Используя руки, обученный профессионал может помочь диагностировать, лечить и даже предотвращать болезни или травмы, двигая мышцы и суставы с помощью методов растяжки, мягкого давления и сопротивления. Пациент испытал значительное улучшение, подтверждая, что с помощью профессионала в сочетании с обязательством пациента выполнять определенные упражнения на растяжку в домашних условиях боль в спине может быть устранена без хирургического вмешательства. ( 13 )
2. Может повлиять на вашу спортивную деятельность
На самом деле поясничная мышца позволяет вам бегать.

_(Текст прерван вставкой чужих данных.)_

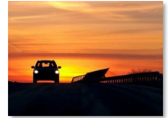
TRANSPORTATION Kristy Swan Range

Каждый подъем колена вызывает сокращение этой похожей на веревку мышцы, и каждый раз, когда нога возвращается в исходное положение, поясничная мышца удлиняется. Runner's World сообщает, что бегун сокращает и удлиняет поясничную мышцу более 5000 раз в течение часового бега.
Поясничная мышца также является важным фактором хорошей осанки. Поясничная мышца в сочетании с другими основными мышцами, такими как брюшной и косой, а также теми, которые помогают формировать и поддерживать нижнюю часть спины, обеспечивает стабильность, обеспечивая сильную осанку. Поэтому имеет смысл, что если есть проблема с поясничной мышцей, это, вероятно, повлияет на вашу спортивную деятельность, особенно на те, которые требуют бега. ( 14 )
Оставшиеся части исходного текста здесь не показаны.